# Force Fetch/Trainer Advice



## MNDAK (Sep 22, 2009)

First of all I'd like to say that I have been following this forum for a couple years and really appreciate all the experience and knowledge I have found here. Here's a little background, I am a first time dog owner with a 2 1/2 yo male lab. Last summer I brought him to a trainer for some basic obedience, fieldwork, exposure to birds etc. He spent about 3 months there and progressed fairly well, although his main problem was that his retrieves were sloppy. He would run out, pick the bird up, start bringing it back, stop half way, drop it, screw around with it, pick it up, start bringing it back, drop it 6 ft away from you, etc. At the time the trainer felt that force fetching him would clean up those problems, but a full season of hunting might help the situation too. So we decided that I would hunt him for a season and revisit force fetch the following year. In general I was pleased with how he performed during his first season, but his retrieves continued to be sloppy, in both upland situations and on the water.

So earlier this Spring I talked to the trainer and we decided to give force fetch a try. I brought him there in mid-April. Over the course of the summer it became very difficult to contact him to find out how my dog was progressing. When I was able to contact him, he would tell me the same thing, that they are making progress but it's taking some time. That's fine with me, I'm patient and I understand that you have to work at the dog's pace. But I was hearing the same thing for 3 months, and it really didn't seem that they were making any progress.

About a month and a half ago I get a message from the trainer saying that they're close to finishing force fetch. I try to contact him unsuccessfully for a couple weeks then I finally get a message from him last week saying that I can pick up my dog soon. I get hold of him and he tells me that he gave up on the force fetch a couple weeks ago because he was afraid that if he progressed any further my dog might quit retrieving. I was shocked. The trainer said that he got my dog to hold pretty well, and carry the dummy around but could not get him to pick up the dummy off of the floor. He said that they could continue down this path, but it would take an uncertain amount of time, we would lose some or most of the hunting season, and it might not give us the results we were looking for. He made the decision that hunting him another season would be the best approach and that we could resume force fetch after the season.

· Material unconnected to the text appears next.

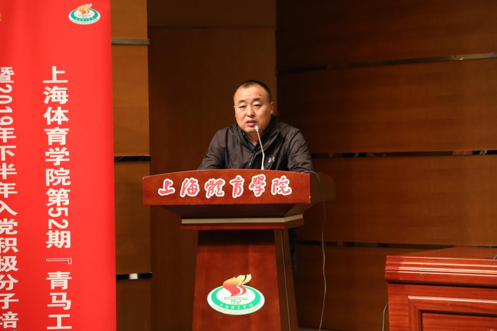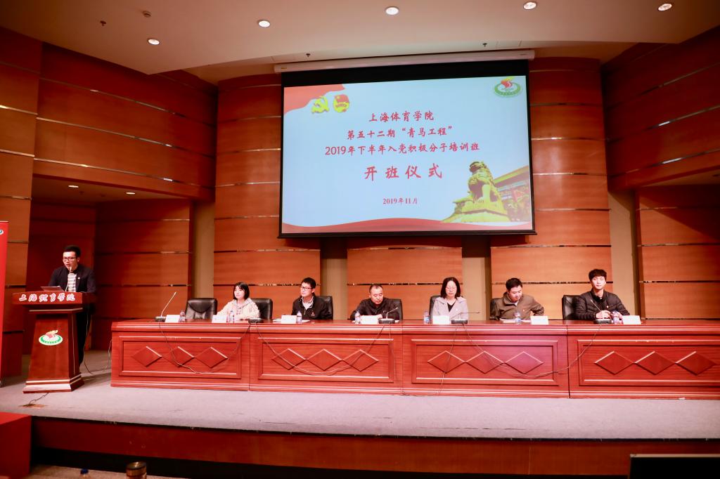 本网讯 11月20日下午,红足一1世第52期“青马工程”暨2019年下半年入党积极分子培训班开班仪式在图文信息楼报告厅举行。上海体育学院附属中学校长马晓东,杨浦区图书馆党支部副书记、副馆长孙喆,上海体育学院党委组织部部长王继红,学(研)工部、武装部部长梅朵,校团委书记陈鸿、党委组织部副部长蒋啸天,上体附中团委书记俞华倩及杨浦区图书馆实践基地负责人黄怡,本次培训班班主任王乐、丁浩,分团委书记代表以及214位学员共同参与了开班仪式。仪式由团委副书记杜恺主持。
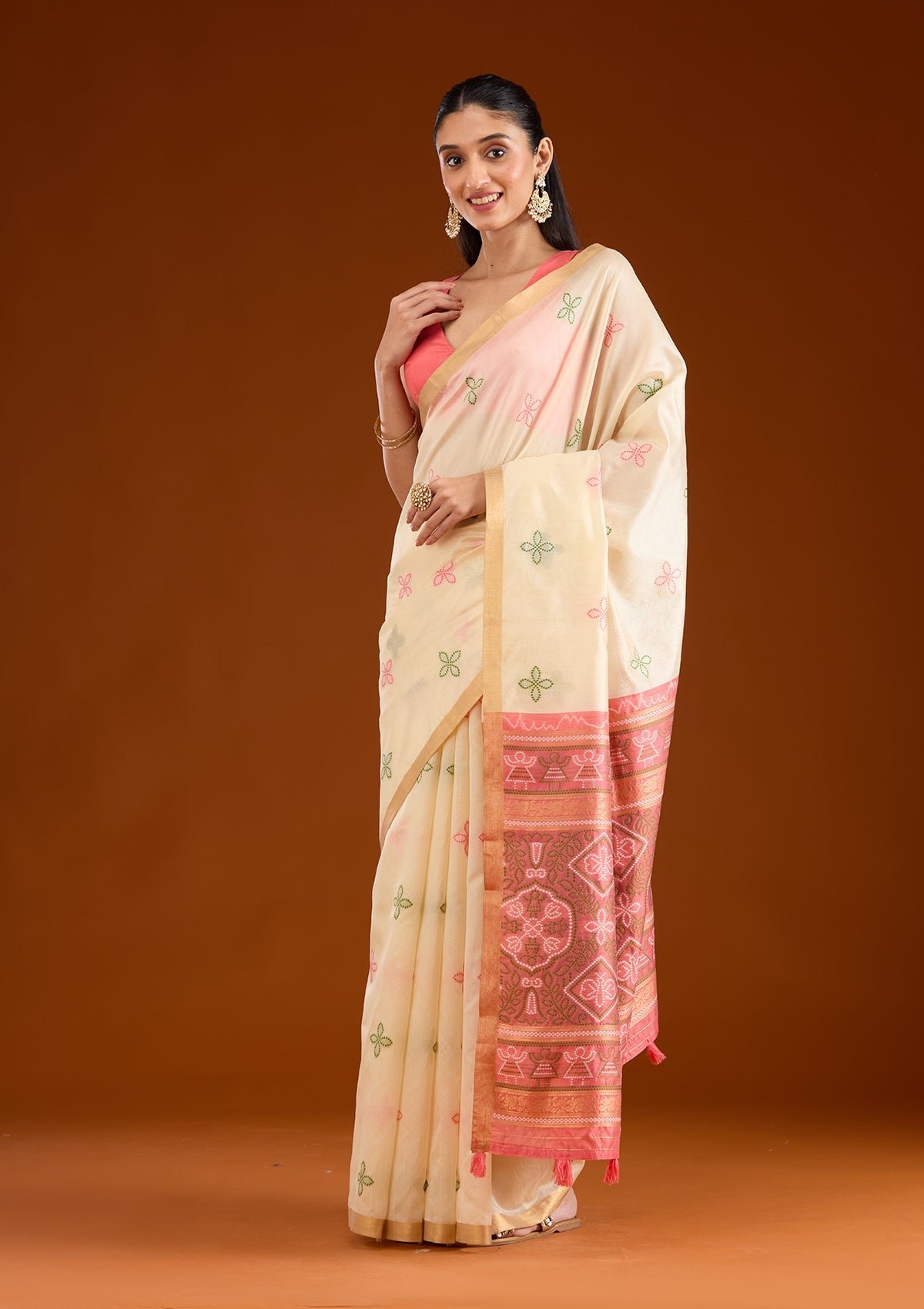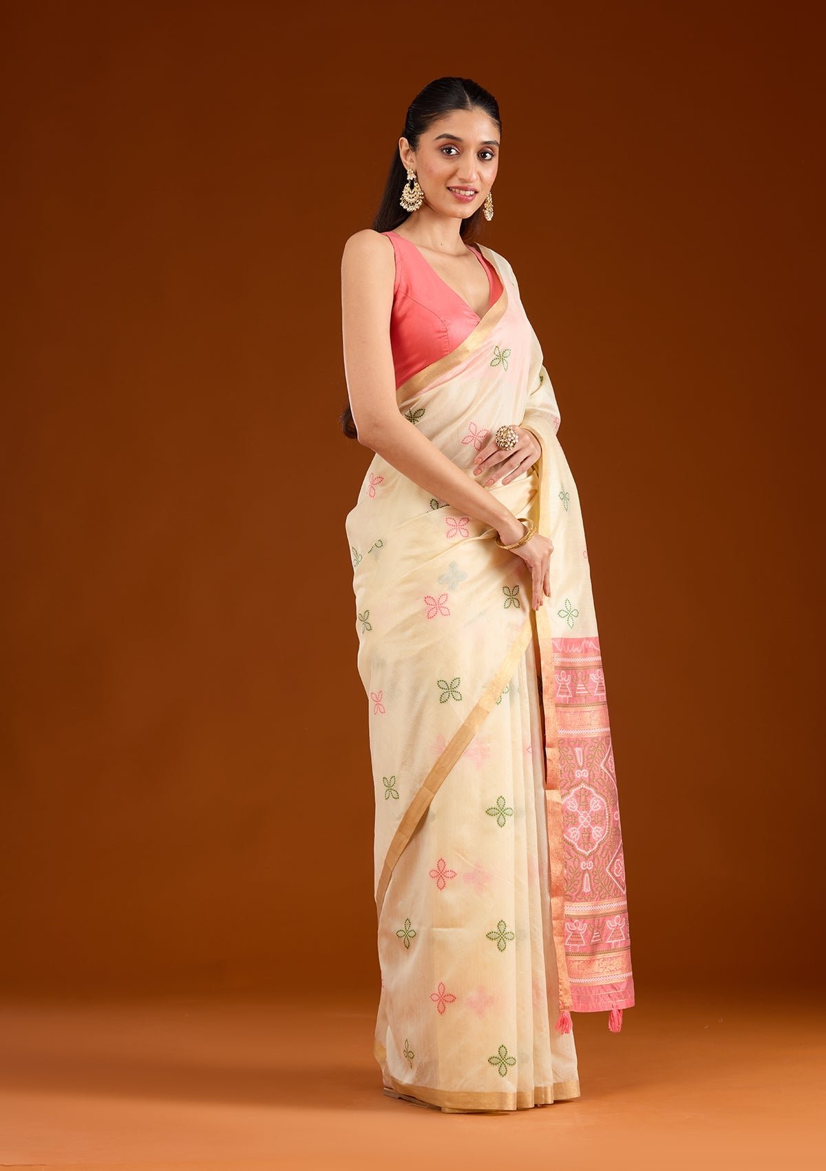 Elegant Cream Tissue Saree with Exquisite Zari Work

I'm frustrated. I am a novice when it comes to dog training, but I just can't believe that the trainer needed 5 months to discover this and then tell me 5 days before duck season. I like the guy, he seems to be well respected and clearly knows what he's doing, but I have lost my trust in him. I think he has too many other things going on and can't give my dog the attention he needs. If I had known this earlier I would have brought him somewhere else. Maybe I have unreasonable expectations of the trainer, but I feel that most of the summer was wasted and very little was accomplished. At this point I am going to hunt him as much as I can, but beyond that I'm not really sure which way to go. I don't feel that I have enough knowledge or experience to force fetch him on my own and after my experiences this summer, I don't plan on returning to this trainer. I would like to speak to another trainer about my situation, so if anyone could recommend someone if western MN or eastern ND that would be great. I would also welcome any other advice you might have on how I should proceed. Thank you very much.


----------



## Chaws (Oct 12, 2007)

Depending if you're willing to send the dog to someone for a short period of time to finish up force fetch, I know someone in Fargo that will help you out. I'll shoot a PM your way.


----------



## BROWNDOG (Nov 2, 2004)

PM sent


----------



## gonehuntin' (Jul 27, 2006)

You got ripped off and good. A dog is in and out of ff in six weeks, obedience and all. What a jerk. I'd try to take the dog home, then send him a check. I'd send him a check for one month of work.

The guy is a crook.


----------



## NDhunter14 (Oct 17, 2007)

Get your dog, obviously the guy can't be that good. If he thinks hes going to ruin your dog, he probably will. If your lucky he hasnt already done so.


----------



## Stu_Loves_His_GSP (May 6, 2008)

3 years of no fetching, and my dog decided to fetch, to me she had to get over the feel of the feathers, not sure if the non-fetcher needs time or what.


----------



## MNDAK (Sep 22, 2009)

Stu_Loves_His_GSP said:


> 3 years of no fetching, and my dog decided to fetch, to me she had to get over the feel of the feathers, not sure if the non-fetcher needs time or what.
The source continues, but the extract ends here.